In case completion of the questionnaire prompted feelings of anxiety or stress, the e-mail address of one of the investigators (an andrologist and a specialist in sexual medicine) was given at the end of the questionnaire. Respondents could also contact an investigator if they had any queries regarding the questionnaire and its content. Because we hypothesized that answers to this survey could vary in function of religious or ethnical origins, we asked the survey website to include men, known as belonging to various religious or ethnical groups. Thus, the survey website ensured that the sample was representative of men in the French general population.

Statistical analysis

Statistical analyses were carried out with SAS software (version 9.1, SAS Institute Inc., Cary, NC, USA). Data are expressed as the mean ± standard error of the mean (SEM) and [range]. For age and the frequency of sexual intercourse per week, two subgroups of participants (those living with a partner and those not) were compared using Student’s t-test. For all the other variables, the two groups were compared using a chi-squared test or (if the sample size was below five) Fisher’s test. The threshold for statistical significance was set to p <0.05 for all tests.

Results

A total of 441 questionnaires were completed online. The participants’ mean age was 25.8 ± 0.3 [18-44], and the mean frequency of sexual intercourse per week was 2.5 ± 0.1 [0-10]. Numerous participants were living with a partner (n = 284, 64.4 %). The two subgroups (single men vs. those living with a partner) did not differ significantly in terms of age (26 ± 0.3 years vs. 25.5 ± 0.5 years old, respectively; p = 0.4). As expected, men living with a partner had sexual intercourse more frequently than single men did (3.0 ± 0.2 vs. 1.4 ± 0.1, respectively; p < 0.0001). Fifty-eight of the men (13.2 %) had already considered having a sperm analysis just to find out what his sperm count would be.

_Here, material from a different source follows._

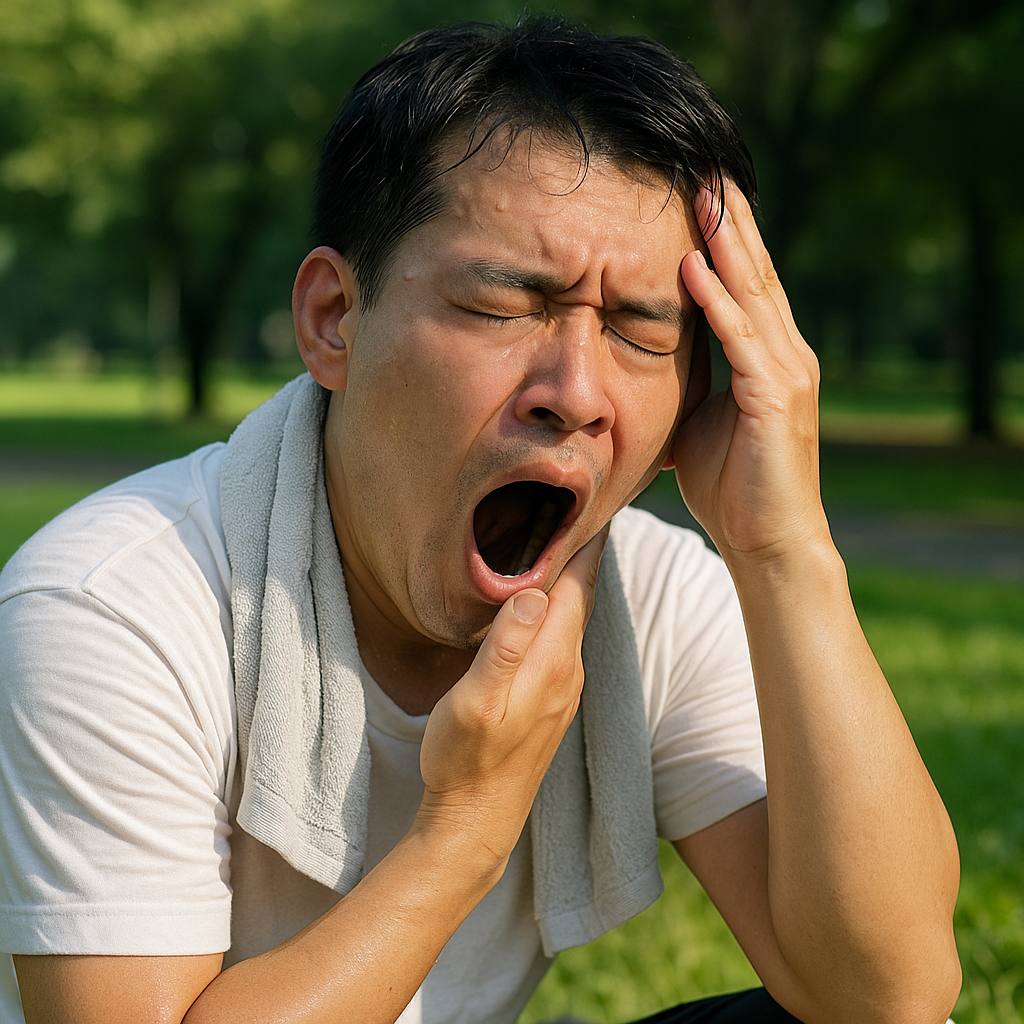 頭痛は、熱中症のⅡ度(中等度)以上でよく見られる症状です。体温が上がり、血管が拡張することで神経が圧迫され、それが頭痛につながります。さらに、脱水が進行すると血液の粘度が高まり、脳への酸素や栄養の供給が滞ることでも頭痛が引き起こされます。一方で、あくびはその脳への酸素不足に対して体が反応している状態と考えられています。つまり、熱中症によって脳が深刻な影響を受け始めている兆候なのです。

The data for questions 3 and 4 are shown in Figs. 1 and 2, respectively. In response to the question “what would having a high or normal sperm count symbolize for you?”, the most frequent answer (for 90 % of the respondents) was “being able to father a child”. A relatively high proportion (38.1 %) of the men also chose “being in good health”. Smaller proportions selected “virility” (18.6 %) and “ability to ejaculate” (14.5 %). Men living with a partner were significantly more likely than single men to answer “being able to father a child” (92.3 % vs. 86 %, respectively; p < 0.05) and significantly less likely to select “virility” (14.8 % vs. 25.5 %, respectively; p < 0.01) or “ability to ejaculate” (11.6 % vs. 19.7 %, respectively; p < 0.05). Overall, a relatively high proportion of the men (n = 124, 28.1 %) considered that having a high sperm count symbolized “virility” and/or “ability to have an erection” and/or “ability to ejaculate”. Men living with a partner were significantly less likely than single men to consider that having a high sperm count symbolized “virility” and/or “erection” and/or “ability to ejaculate” (n = 65 out of 284 (22.9 %) vs. n = 59 out of 157 (37.6 %), respectively; p = 0.001) and consider that having a normal or high sperm count symbolized good sexual health (n = 38 out of 284 (13.4 %) vs. n = 34 out of 157 (21.7 %), respectively; p = 0.02). None of the respondents chose the answer (g), i.e., “other feelings; please specify”.

Fig. 1
figure 1

Proportion of the various answers to the question “what would having a high or normal sperm count symbolize for you?” for the 441 men included

Fig. 2
figure 2

Proportion of the various answers to the question “If you found out that you had a low sperm count or no spermatozoa at all, how would you feel?” for the 441 men included

In response to the question “If you found out that you had a low sperm count or no spermatozoa at all, how would you feel?”, most of the men (81.9 %) stated that they would be disappointed. A relatively high proportion of the men also stated also that they would feel guilty with regard to their partner (37.2 %). Lower proportions stated that they would feel angry (17.0 %) or ashamed (15.0 %). Men living with a partner were more likely than single men to state that they would feel ashamed (17.6 % vs. 10.2 %, respectively; p < 0.05) or guilty with regard to their partner (43.3 % vs. 26.1 %, respectively; p < 0.0001). None of the respondents chose the answer (g), i.e., “other feelings; please specify”.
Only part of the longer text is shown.